The state designated seven individual facilities across the state just for COVID-19 patients. They were located in Worcester, East Longmeadow, New Bedford, Great Barrington, Falmouth, Brewster and Wilmington. We learned none of them was ever at capacity and some were never used at all.

Additionally, five field hospitals were also set up for post-acute care for patients with COVID-19. According to the state, only 100 of the 500 beds at Boston Hope were used at it’s peak. About 30 of the 250 beds at the DCU center in Worcester were used at peak. The field hospitals in Lowell, Dartmouth and Cape Cod never saw a single patient.

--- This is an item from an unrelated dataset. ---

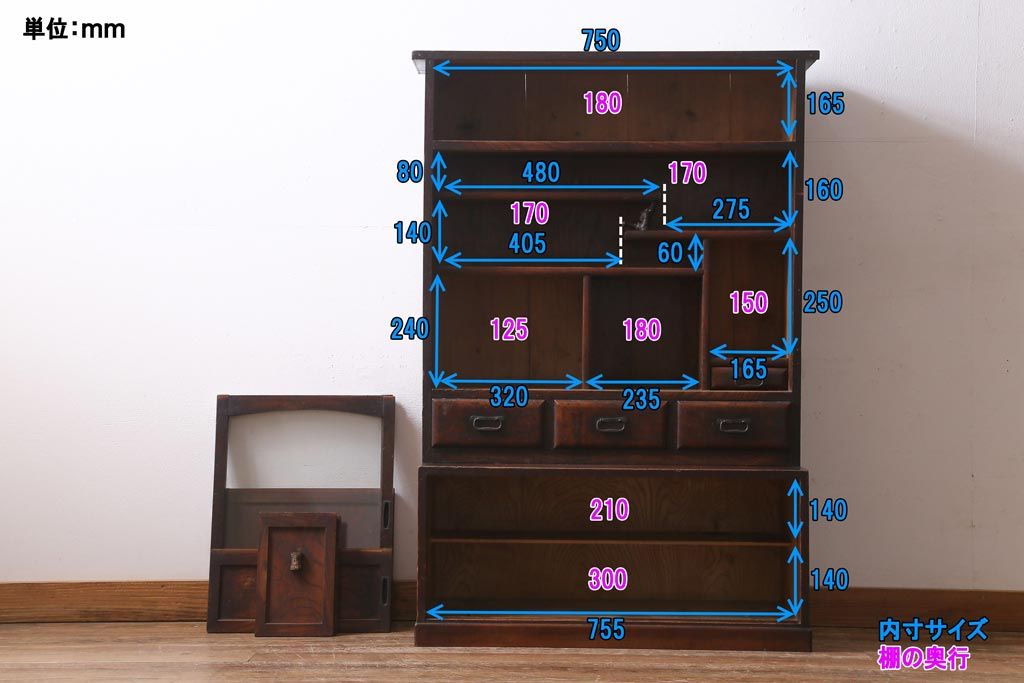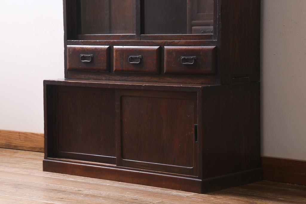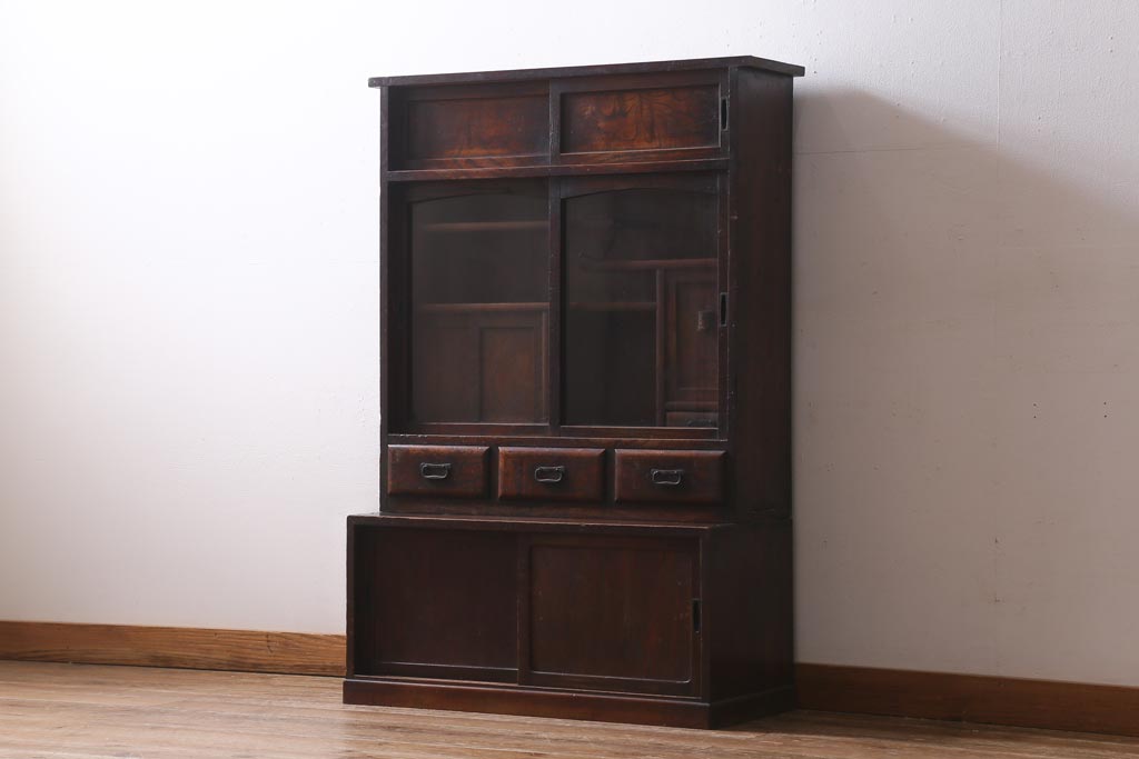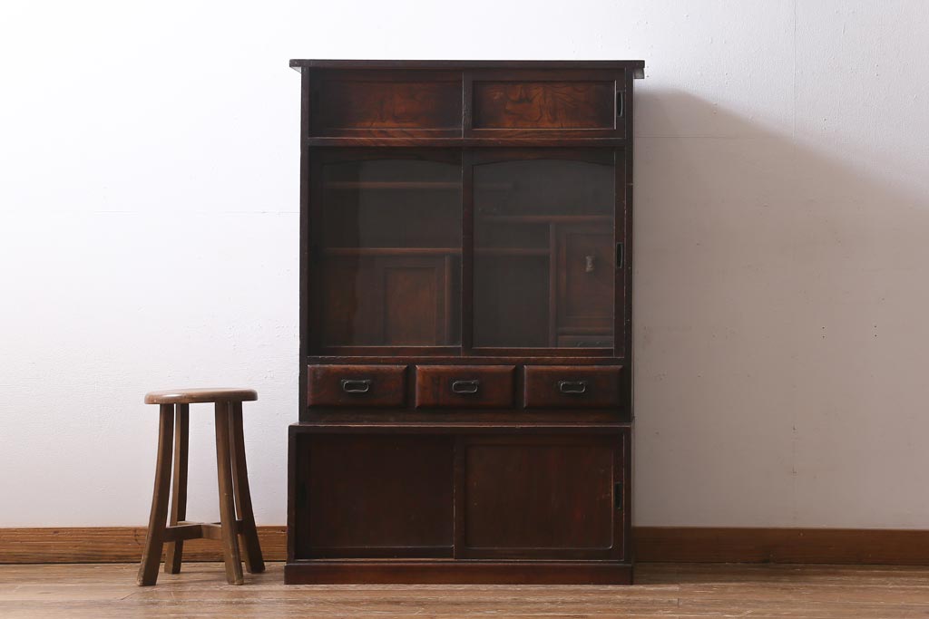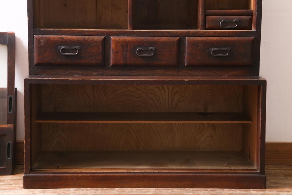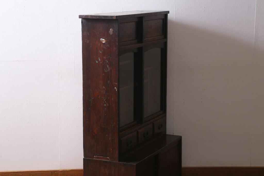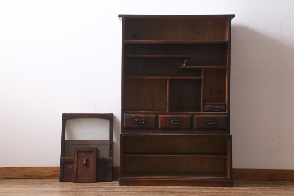 アンティーク家具 和製アンティーク 大正昭和初期 倹飩式 和の風情感じる重ね茶箪笥(茶棚、飾り棚)(R-038716)

The state says field hospitals were meant to be an extension of hospitals and without them the demand on nursing homes would’ve been even higher.

“We should really take a hard look at these isolation units and not keep perpetuating them,” said Germain. “It’s not worth the risk. It’s not worth their lives. It’s not worth the lives of their health care workers.”

Priscilla and her husband don’t know how Ruby got COVID-19 but say they want to see change.

“Not being to able to see her in her last days, not even be able to go up to the window and wave to her,” said Brother Lo through tears.

“This insanity if you ask me,” said Priscilla. “I would like to see probably a totally new policy around nursing homes.”

25 Investigates contacted the Benjamin Healthcare Center on several occasions but requests for a comment went unanswered.

It’s also important to note that Massachusetts hospitals discharged infected patients to some of the lowest rated homes, as well as some of the highest performing facilities. There were outbreaks and deaths at both.

To date, 5,312 people have died after contracting COVID-19 at long term care facilities. That’s more than 60% of all deaths in the state.